Guests: Brian Elliott (Blitzy), Emad Mostaque (Intelligent Internet), Dave Blundin (Link Exponential Ventures)
Date: September 26, 2025
In this episode, Peter Diamandis and co-hosts explore the relentless acceleration of artificial intelligence, its wide-reaching impact on jobs and education, and the trillion-dollar race for AI compute infrastructure. Special guests Brian Elliott, Emad Mostaque, and Dave Blundin offer insider commentary on the "AI wars" (Google, Microsoft, OpenAI, Meta, xAI), the transforming landscape of higher education, the ongoing data center arms race, the coming disruption in healthcare and capital markets, and the underlying question: is this an AI bubble — or a true economic inflection point?
On AI Bubble vs. Reality:
"AI is useful. People pay for it because it has economic value." – Imad Mostaque (00:00)

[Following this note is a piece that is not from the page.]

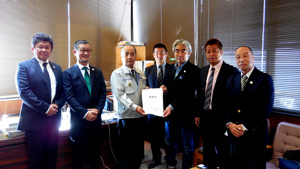 川島町長( 左から3人目)に義援金目録を手渡すJGFA・長鋪会長(右から3人目) |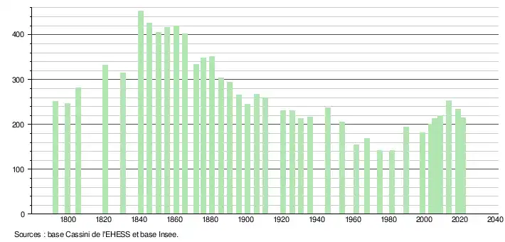 | L'évolution du nombre d'habitants est connue à travers les recensements de la population effectués dans la commune depuis 1793. Pour les communes de moins de 10 000 habitants, une enquête de recensement portant sur toute la population est réalisée tous les cinq ans, les populations de référence des années intermédiaires étant quant à elles estimées par interpolation ou extrapolation[26]. Pour la commune, le premier recensement exhaustif entrant dans le cadre du nouveau dispositif a été réalisé en 2004[27]. En 2022, la commune comptait 215 habitants[Note 3], en évolution de −21,25 % par rapport à 2016 (Gers : +1,04 %, France hors Mayotte : +2,11 %). |

On Higher Education’s Obsolescence:
"We can build a nuclear reactor on campus faster than we will ever change this curriculum." – Dave Blundin (03:03)
On Compute Scarcity as Bottleneck:
"Abundance everywhere except compute scarcity... fundamentally, it is a physical infrastructure problem, not just a software problem." – Greg Brockman (27:13–27:31)
On Opportunity:
"There will never be a better time. There never has been a better time. Maybe tomorrow." – Dave Blundin (98:57)
On Human Value in Work:
"Humans will have negative value in cognitive labor in a few years... If you’re in a job where your role is to beat other people... you’re not going to beat an AI." – Imad Mostaque (83:00)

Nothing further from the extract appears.